Write again exactly the lines in the listing below, starting at the line with "Al apretar en" and ending at the line with "For the collage-painting", both included. Pictures are not copied.

Input records
+-------+
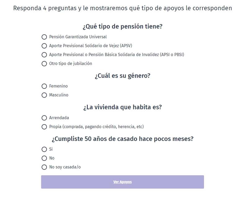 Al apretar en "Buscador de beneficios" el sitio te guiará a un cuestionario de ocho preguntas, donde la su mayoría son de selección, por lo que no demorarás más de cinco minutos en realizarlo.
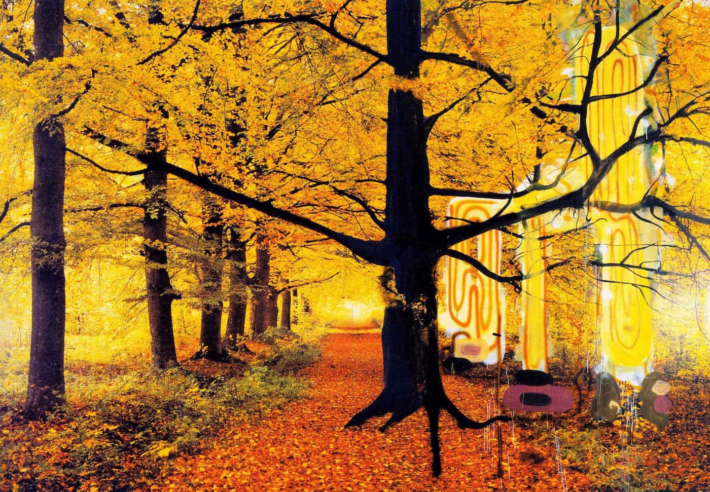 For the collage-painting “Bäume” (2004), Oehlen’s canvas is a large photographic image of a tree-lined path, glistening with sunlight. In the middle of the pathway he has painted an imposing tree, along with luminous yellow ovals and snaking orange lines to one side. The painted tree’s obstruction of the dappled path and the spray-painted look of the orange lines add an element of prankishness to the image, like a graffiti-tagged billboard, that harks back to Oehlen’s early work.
+-------+
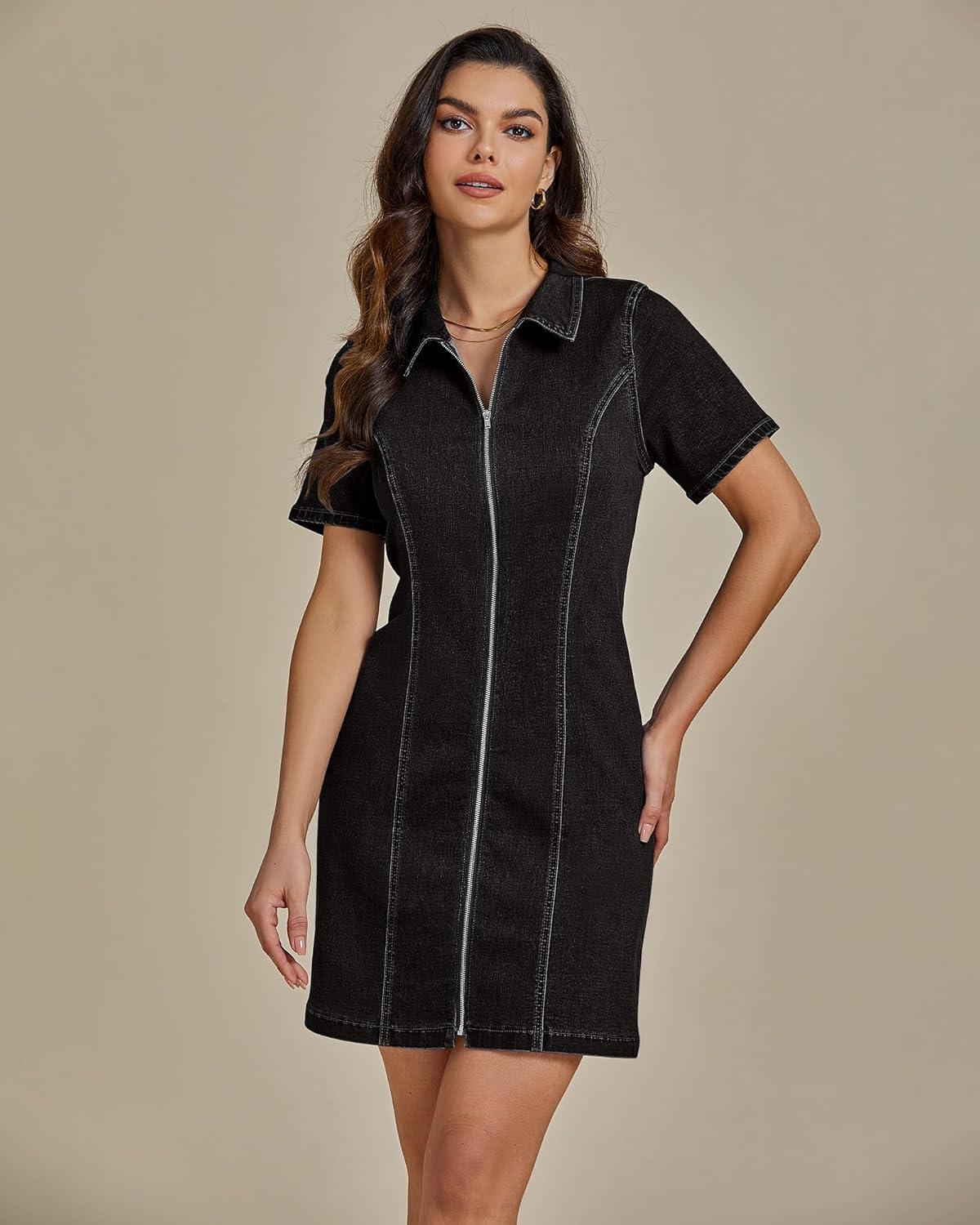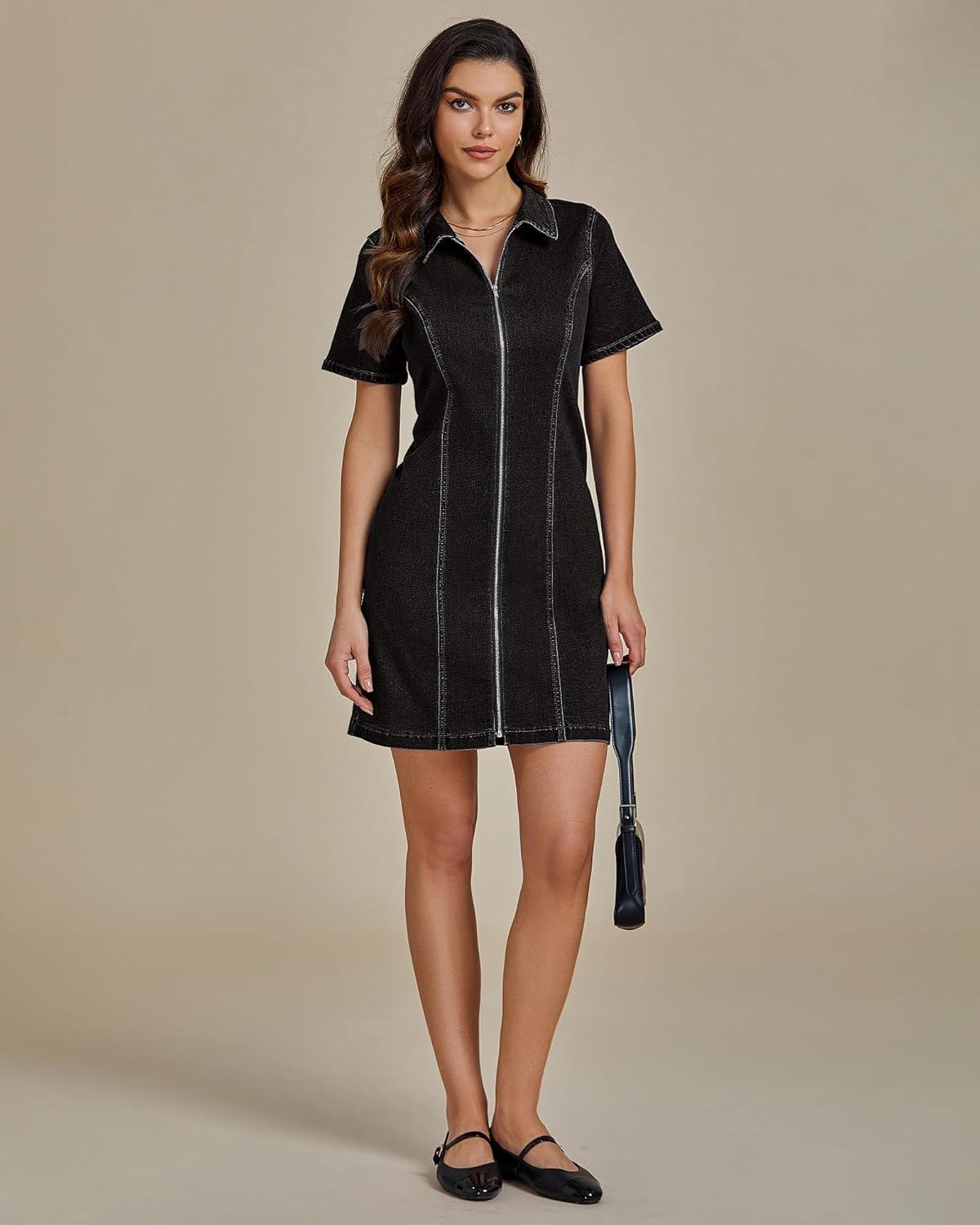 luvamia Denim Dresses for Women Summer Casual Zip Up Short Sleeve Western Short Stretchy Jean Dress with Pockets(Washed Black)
+-------+
Result
 Al apretar en "Buscador de beneficios" el sitio te guiará a un cuestionario de ocho preguntas, donde la su mayoría son de selección, por lo que no demorarás más de cinco minutos en realizarlo.
 For the collage-painting “Bäume” (2004), Oehlen’s canvas is a large photographic image of a tree-lined path, glistening with sunlight. In the middle of the pathway he has painted an imposing tree, along with luminous yellow ovals and snaking orange lines to one side. The painted tree’s obstruction of the dappled path and the spray-painted look of the orange lines add an element of prankishness to the image, like a graffiti-tagged billboard, that harks back to Oehlen’s early work.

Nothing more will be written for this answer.